Background: Is regaining a job sufficient to reverse the harmful impacts on health of job loss during the Great Recession? We tested whether unemployed persons who found work within 1 year of job loss experienced a full recovery of their health. Additionally, we tested the mediating role of financial strain and household income.
Methods: Linear regression models were used to assess the effects of job loss and recovery on self-rated health using the longitudinal EU-SILC, covering individuals from 27 European countries. We constructed a baseline of employed persons (n = 70 611) in year 2007. We evaluated income and financial strain as potential mediating factors.

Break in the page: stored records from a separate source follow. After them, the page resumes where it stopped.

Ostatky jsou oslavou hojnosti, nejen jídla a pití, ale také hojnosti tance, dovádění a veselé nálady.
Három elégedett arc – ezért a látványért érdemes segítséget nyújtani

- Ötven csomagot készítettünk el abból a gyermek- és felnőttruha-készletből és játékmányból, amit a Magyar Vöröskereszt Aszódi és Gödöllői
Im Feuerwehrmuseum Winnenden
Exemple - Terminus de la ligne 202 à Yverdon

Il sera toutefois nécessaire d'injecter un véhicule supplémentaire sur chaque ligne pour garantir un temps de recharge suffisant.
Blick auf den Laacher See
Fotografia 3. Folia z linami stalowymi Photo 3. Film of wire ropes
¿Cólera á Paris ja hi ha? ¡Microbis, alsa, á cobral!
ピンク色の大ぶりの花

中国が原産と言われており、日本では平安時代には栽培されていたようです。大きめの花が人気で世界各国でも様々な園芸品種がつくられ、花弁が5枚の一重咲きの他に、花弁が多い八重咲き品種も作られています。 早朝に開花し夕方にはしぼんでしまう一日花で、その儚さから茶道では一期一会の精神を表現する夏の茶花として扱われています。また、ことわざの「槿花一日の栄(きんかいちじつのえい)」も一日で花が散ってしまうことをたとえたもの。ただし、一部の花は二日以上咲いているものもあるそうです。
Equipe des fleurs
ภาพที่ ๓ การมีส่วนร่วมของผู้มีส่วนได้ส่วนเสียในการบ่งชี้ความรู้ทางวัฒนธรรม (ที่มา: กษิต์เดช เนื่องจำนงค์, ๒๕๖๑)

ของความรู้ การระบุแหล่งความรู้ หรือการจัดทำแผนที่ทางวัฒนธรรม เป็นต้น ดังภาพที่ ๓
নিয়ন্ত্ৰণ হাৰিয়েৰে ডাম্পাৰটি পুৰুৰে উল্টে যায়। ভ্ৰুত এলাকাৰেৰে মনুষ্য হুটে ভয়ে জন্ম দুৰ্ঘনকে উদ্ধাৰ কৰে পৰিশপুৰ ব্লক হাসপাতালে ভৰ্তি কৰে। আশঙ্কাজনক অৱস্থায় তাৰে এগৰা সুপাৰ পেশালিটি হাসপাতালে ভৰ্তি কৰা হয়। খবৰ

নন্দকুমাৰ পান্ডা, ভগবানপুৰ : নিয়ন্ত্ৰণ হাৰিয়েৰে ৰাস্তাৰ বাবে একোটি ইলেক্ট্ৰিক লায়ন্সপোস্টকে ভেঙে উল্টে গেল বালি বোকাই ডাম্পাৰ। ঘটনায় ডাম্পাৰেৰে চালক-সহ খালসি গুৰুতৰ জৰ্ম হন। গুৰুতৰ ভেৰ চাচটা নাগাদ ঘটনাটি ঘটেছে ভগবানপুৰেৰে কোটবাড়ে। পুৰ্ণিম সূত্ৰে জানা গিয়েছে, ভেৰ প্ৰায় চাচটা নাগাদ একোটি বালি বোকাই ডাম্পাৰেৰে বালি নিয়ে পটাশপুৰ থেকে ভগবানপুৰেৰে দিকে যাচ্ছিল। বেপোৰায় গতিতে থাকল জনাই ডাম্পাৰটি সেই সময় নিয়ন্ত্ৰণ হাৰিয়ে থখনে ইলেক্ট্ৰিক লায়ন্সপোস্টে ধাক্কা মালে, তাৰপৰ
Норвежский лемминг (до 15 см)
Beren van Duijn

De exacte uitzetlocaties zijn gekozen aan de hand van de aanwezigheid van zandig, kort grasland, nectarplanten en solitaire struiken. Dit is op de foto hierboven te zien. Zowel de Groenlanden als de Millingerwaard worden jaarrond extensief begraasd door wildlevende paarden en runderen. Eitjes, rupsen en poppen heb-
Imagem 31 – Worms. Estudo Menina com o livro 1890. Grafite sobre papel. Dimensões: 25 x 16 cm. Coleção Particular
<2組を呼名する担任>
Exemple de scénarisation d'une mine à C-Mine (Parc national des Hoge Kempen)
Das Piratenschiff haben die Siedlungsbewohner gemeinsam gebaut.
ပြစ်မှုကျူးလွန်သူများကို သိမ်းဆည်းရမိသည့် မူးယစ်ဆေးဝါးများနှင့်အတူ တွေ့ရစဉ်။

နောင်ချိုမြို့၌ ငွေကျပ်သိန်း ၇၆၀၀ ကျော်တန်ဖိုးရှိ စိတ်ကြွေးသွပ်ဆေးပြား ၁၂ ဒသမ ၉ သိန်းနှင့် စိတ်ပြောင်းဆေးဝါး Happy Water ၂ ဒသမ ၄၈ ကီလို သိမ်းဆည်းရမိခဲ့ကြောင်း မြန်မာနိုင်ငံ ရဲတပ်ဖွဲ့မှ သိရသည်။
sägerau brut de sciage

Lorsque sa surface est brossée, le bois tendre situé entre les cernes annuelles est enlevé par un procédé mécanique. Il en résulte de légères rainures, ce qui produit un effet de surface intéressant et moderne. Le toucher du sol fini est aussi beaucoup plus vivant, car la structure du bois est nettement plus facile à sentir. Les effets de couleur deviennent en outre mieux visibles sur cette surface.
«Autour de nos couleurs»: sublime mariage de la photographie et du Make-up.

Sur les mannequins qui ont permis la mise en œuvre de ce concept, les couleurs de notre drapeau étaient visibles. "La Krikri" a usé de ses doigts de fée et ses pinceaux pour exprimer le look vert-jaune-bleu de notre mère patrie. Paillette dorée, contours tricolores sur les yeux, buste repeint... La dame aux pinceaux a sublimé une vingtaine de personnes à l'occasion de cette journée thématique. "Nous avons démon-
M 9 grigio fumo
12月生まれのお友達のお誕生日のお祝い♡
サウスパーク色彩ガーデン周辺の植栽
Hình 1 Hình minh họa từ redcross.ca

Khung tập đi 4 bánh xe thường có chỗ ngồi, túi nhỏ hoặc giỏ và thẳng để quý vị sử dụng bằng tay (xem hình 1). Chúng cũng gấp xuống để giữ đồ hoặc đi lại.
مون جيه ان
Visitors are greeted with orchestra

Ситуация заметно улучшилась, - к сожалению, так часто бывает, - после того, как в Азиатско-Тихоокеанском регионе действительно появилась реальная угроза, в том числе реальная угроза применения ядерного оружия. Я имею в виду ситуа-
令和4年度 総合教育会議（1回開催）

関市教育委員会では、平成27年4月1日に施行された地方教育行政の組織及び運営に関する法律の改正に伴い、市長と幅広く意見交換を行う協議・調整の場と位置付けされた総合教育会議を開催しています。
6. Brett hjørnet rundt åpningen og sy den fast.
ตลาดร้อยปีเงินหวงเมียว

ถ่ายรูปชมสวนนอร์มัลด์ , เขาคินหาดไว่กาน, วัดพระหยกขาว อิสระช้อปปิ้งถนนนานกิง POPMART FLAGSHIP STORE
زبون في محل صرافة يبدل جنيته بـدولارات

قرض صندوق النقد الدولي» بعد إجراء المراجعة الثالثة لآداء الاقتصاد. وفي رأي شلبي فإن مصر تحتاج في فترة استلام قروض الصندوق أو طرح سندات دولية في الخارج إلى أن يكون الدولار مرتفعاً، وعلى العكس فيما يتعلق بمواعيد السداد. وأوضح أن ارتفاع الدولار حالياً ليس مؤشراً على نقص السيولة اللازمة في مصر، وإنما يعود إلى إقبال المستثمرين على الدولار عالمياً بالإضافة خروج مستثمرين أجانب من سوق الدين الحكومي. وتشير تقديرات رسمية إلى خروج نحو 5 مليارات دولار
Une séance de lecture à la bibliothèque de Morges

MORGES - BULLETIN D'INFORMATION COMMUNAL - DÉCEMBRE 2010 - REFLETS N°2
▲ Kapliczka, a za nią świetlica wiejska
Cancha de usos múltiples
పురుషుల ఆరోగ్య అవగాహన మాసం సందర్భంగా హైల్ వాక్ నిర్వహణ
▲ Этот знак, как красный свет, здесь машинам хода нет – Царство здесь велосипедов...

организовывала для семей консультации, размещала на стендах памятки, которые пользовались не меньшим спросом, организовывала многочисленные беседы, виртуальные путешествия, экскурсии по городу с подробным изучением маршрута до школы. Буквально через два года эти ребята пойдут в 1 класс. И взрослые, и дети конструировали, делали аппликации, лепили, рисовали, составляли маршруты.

Results: Job loss was associated with worse self-rated health in both men (β = 0.12, 95%CI: 0.09-0.15) and women (β = 0.13, 95%CI: 0.10-0.16). Financial strain explains about one-third of the association between job loss and health, but income did not mediate this relation. Women who regained employment within 1 year after job loss were found to be similarly healthy to those who did not lose jobs. In contrast, men whose employment recovered had an enduring health disadvantage compared with those who had not lost jobs (β = 0.11, 95%CI: 0.05-0.16). Unemployment cash benefits mitigated financial strain but were too low to substantially reduce perceived financial strain among men.
Conclusions: Men and women's health appears to suffer equally from job loss but differs in recovery. For men, employment recovery was insufficient to alleviate financial strain and associated health consequences, whereas in women regaining employment leads to health recovery.